Problem: Please keep to the lines below from the one with "自民党の泉田裕彦衆議院議員が" through the one with "本次素质拓展以小组为单位,共", and restate them word for word, ends included.

[Start of Attachment]

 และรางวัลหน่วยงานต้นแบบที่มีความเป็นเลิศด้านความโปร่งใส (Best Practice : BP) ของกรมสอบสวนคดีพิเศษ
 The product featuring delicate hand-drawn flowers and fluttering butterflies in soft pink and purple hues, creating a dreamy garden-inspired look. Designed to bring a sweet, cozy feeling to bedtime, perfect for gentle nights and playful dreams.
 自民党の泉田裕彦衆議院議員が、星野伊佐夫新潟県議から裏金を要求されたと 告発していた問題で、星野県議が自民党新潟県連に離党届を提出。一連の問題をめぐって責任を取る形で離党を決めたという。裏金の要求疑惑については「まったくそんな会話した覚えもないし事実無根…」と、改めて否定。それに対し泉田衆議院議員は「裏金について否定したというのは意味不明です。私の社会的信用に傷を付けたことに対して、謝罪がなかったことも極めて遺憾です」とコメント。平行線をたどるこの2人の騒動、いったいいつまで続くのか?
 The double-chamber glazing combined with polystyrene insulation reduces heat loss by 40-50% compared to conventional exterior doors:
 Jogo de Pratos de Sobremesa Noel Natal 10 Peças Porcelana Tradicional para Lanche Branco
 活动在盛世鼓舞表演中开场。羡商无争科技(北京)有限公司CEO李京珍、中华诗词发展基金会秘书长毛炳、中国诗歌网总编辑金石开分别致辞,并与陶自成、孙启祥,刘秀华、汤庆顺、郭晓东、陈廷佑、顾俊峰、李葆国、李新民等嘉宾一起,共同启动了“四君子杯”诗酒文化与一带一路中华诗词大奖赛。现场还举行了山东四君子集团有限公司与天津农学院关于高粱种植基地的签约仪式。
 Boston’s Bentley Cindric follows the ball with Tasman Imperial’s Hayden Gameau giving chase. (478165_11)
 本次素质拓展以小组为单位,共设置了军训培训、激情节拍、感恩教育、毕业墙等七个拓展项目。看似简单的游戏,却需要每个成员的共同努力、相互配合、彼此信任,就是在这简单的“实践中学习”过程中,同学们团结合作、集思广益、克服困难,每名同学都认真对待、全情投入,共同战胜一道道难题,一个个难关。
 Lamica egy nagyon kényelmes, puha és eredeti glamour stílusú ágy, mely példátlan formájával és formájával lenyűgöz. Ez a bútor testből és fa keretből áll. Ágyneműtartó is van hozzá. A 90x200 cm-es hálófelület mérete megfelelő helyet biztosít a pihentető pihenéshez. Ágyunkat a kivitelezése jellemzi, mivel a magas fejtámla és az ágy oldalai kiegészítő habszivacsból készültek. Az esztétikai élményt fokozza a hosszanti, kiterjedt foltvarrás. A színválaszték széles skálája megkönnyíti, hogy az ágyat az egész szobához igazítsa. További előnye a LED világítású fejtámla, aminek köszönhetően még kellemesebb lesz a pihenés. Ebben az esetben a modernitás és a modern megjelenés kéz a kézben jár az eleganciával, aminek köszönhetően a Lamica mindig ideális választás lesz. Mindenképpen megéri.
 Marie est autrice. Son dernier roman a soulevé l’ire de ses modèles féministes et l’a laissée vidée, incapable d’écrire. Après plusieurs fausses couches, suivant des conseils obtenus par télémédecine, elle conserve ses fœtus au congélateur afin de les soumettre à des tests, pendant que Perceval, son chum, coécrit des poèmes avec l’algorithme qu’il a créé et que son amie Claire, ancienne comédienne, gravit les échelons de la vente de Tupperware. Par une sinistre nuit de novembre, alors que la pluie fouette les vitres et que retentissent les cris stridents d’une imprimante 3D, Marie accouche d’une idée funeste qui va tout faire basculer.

[End of Attachment]

Answer for the task:
 自民党の泉田裕彦衆議院議員が、星野伊佐夫新潟県議から裏金を要求されたと 告発していた問題で、星野県議が自民党新潟県連に離党届を提出。一連の問題をめぐって責任を取る形で離党を決めたという。裏金の要求疑惑については「まったくそんな会話した覚えもないし事実無根…」と、改めて否定。それに対し泉田衆議院議員は「裏金について否定したというのは意味不明です。私の社会的信用に傷を付けたことに対して、謝罪がなかったことも極めて遺憾です」とコメント。平行線をたどるこの2人の騒動、いったいいつまで続くのか?
 The double-chamber glazing combined with polystyrene insulation reduces heat loss by 40-50% compared to conventional exterior doors:
 Jogo de Pratos de Sobremesa Noel Natal 10 Peças Porcelana Tradicional para Lanche Branco
 活动在盛世鼓舞表演中开场。羡商无争科技(北京)有限公司CEO李京珍、中华诗词发展基金会秘书长毛炳、中国诗歌网总编辑金石开分别致辞,并与陶自成、孙启祥,刘秀华、汤庆顺、郭晓东、陈廷佑、顾俊峰、李葆国、李新民等嘉宾一起,共同启动了“四君子杯”诗酒文化与一带一路中华诗词大奖赛。现场还举行了山东四君子集团有限公司与天津农学院关于高粱种植基地的签约仪式。
 Boston’s Bentley Cindric follows the ball with Tasman Imperial’s Hayden Gameau giving chase. (478165_11)
 本次素质拓展以小组为单位,共设置了军训培训、激情节拍、感恩教育、毕业墙等七个拓展项目。看似简单的游戏,却需要每个成员的共同努力、相互配合、彼此信任,就是在这简单的“实践中学习”过程中,同学们团结合作、集思广益、克服困难,每名同学都认真对待、全情投入,共同战胜一道道难题,一个个难关。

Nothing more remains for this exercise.